**Description of the task**
The data below should be copied out exactly, with its pictures omitted.

**Source data**
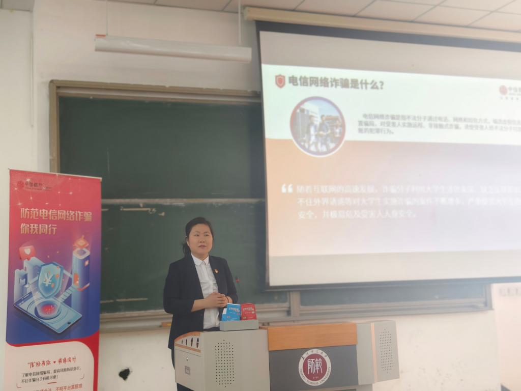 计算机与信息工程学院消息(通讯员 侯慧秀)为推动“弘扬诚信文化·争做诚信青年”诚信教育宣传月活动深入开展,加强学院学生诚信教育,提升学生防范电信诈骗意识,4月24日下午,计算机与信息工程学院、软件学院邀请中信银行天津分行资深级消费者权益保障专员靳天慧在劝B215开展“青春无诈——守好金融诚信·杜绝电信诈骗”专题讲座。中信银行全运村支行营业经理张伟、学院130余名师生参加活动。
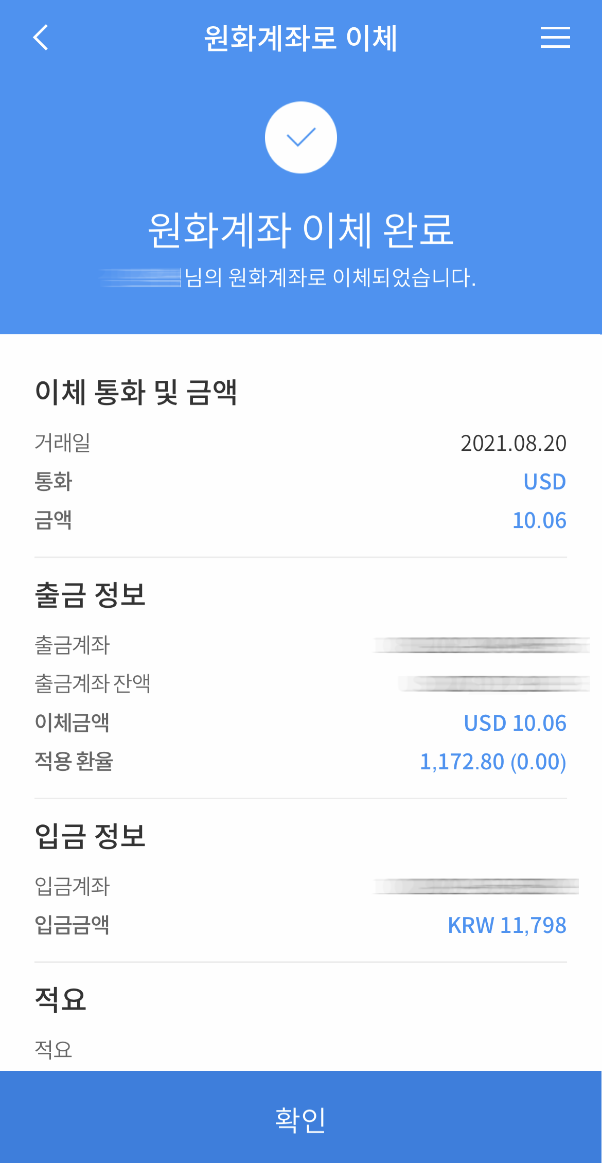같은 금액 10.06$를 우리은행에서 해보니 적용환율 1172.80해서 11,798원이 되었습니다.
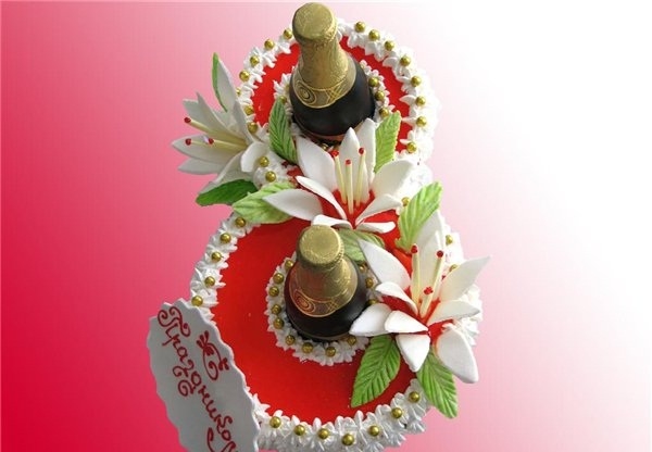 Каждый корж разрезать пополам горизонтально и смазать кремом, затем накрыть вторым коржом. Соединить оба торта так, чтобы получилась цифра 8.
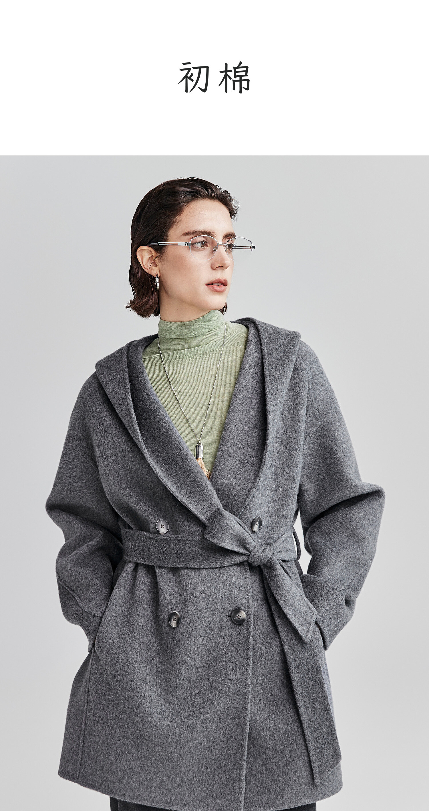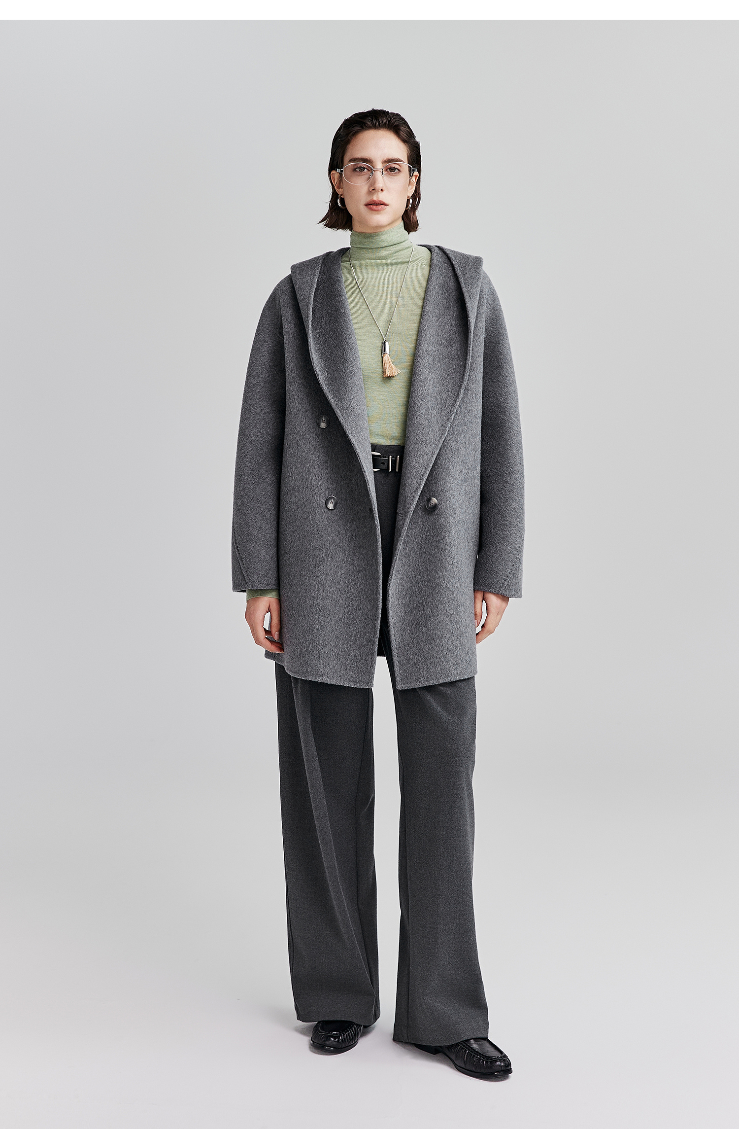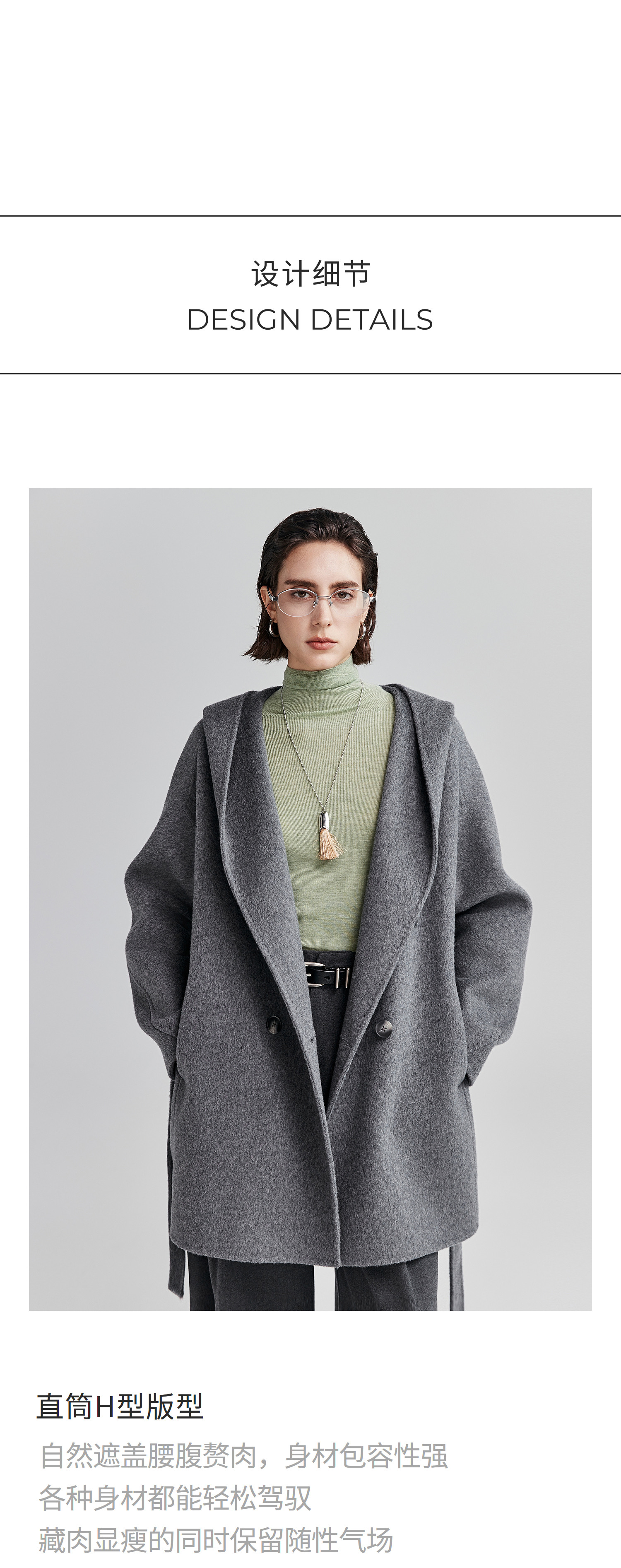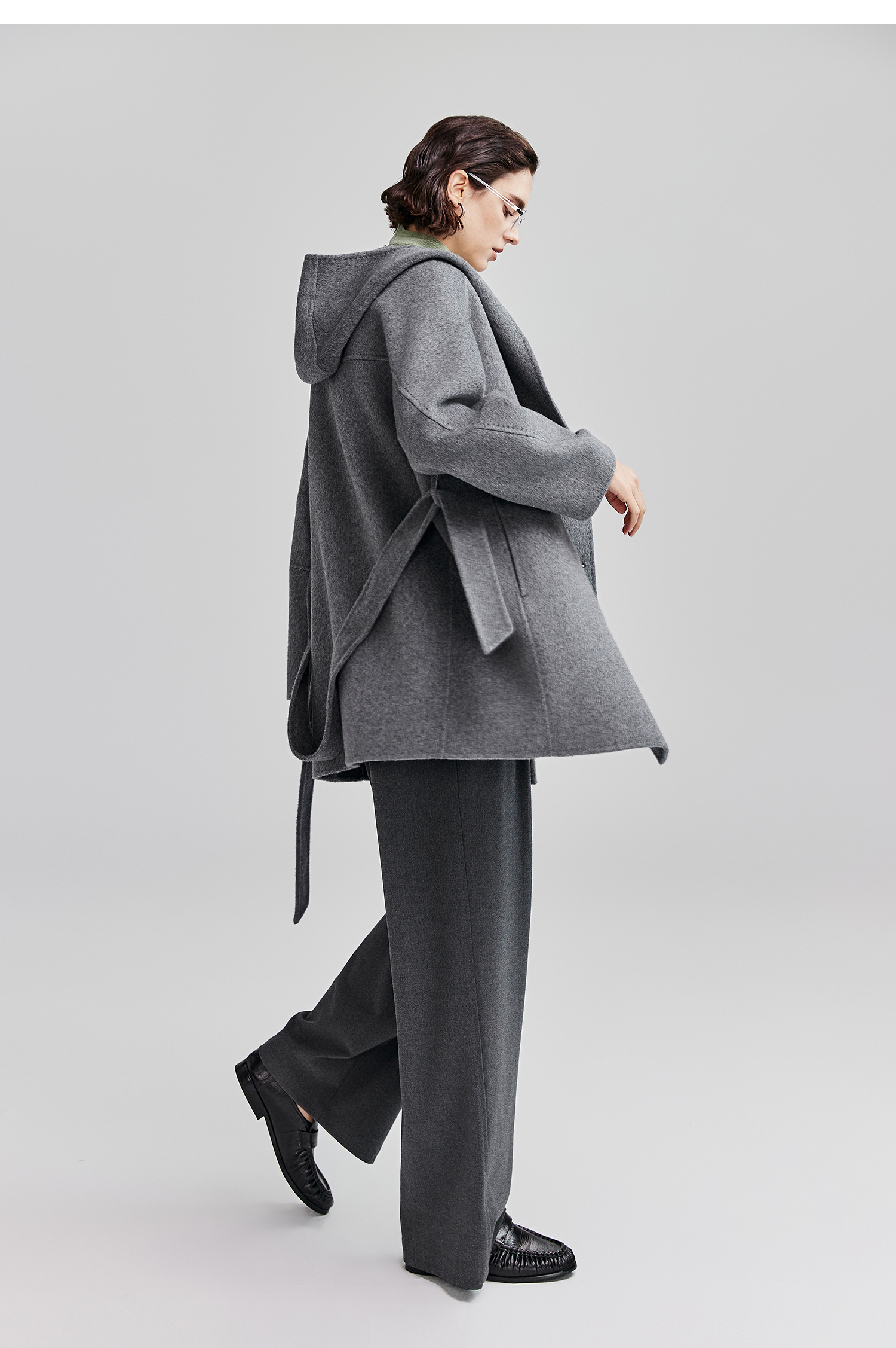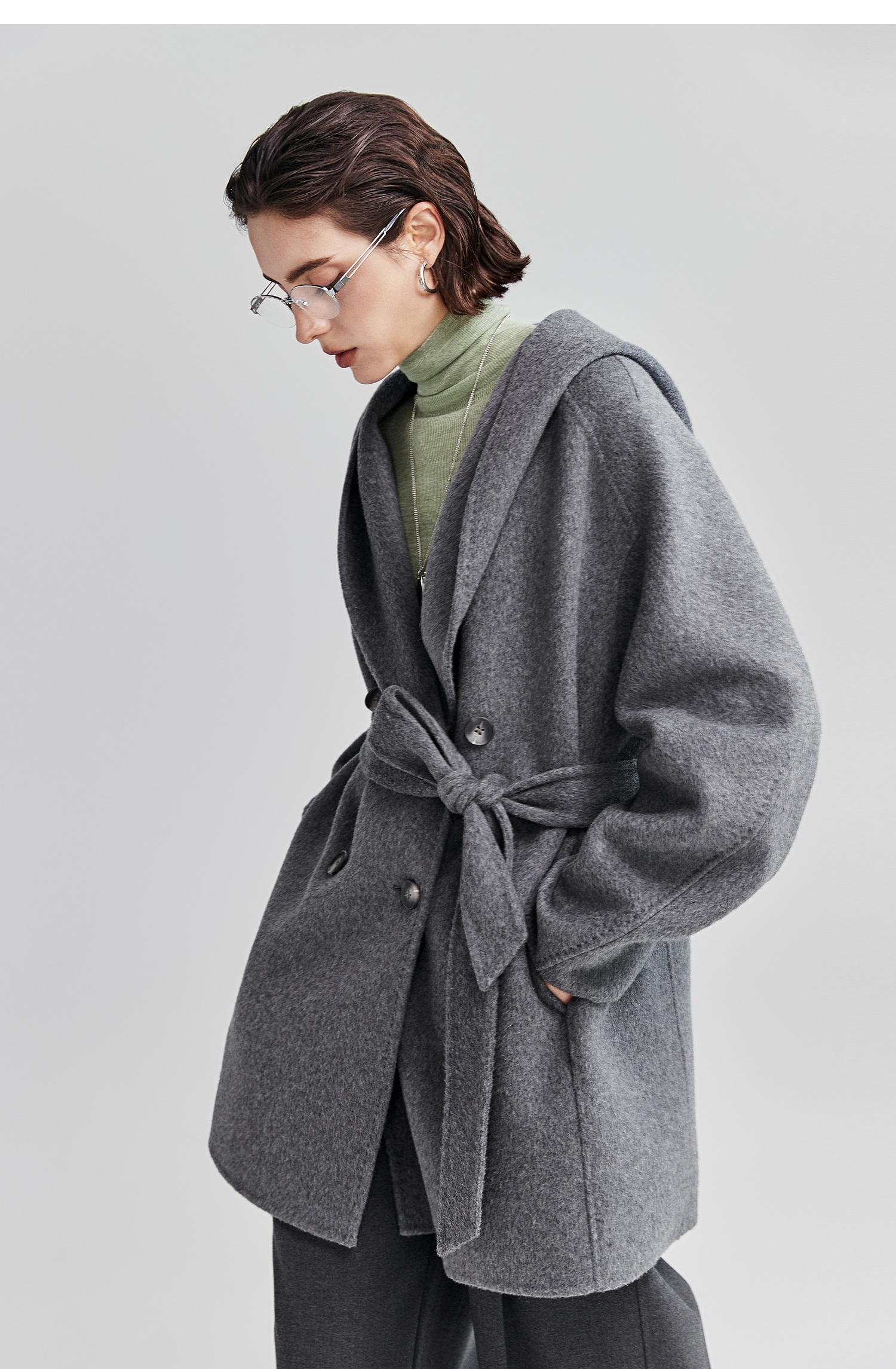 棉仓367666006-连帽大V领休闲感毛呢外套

**Solution to this task**
 计算机与信息工程学院消息(通讯员 侯慧秀)为推动“弘扬诚信文化·争做诚信青年”诚信教育宣传月活动深入开展,加强学院学生诚信教育,提升学生防范电信诈骗意识,4月24日下午,计算机与信息工程学院、软件学院邀请中信银行天津分行资深级消费者权益保障专员靳天慧在劝B215开展“青春无诈——守好金融诚信·杜绝电信诈骗”专题讲座。中信银行全运村支行营业经理张伟、学院130余名师生参加活动。
같은 금액 10.06$를 우리은행에서 해보니 적용환율 1172.80해서 11,798원이 되었습니다.
 Каждый корж разрезать пополам горизонтально и смазать кремом, затем накрыть вторым коржом. Соединить оба торта так, чтобы получилась цифра 8.
 棉仓367666006-连帽大V领休闲感毛呢外套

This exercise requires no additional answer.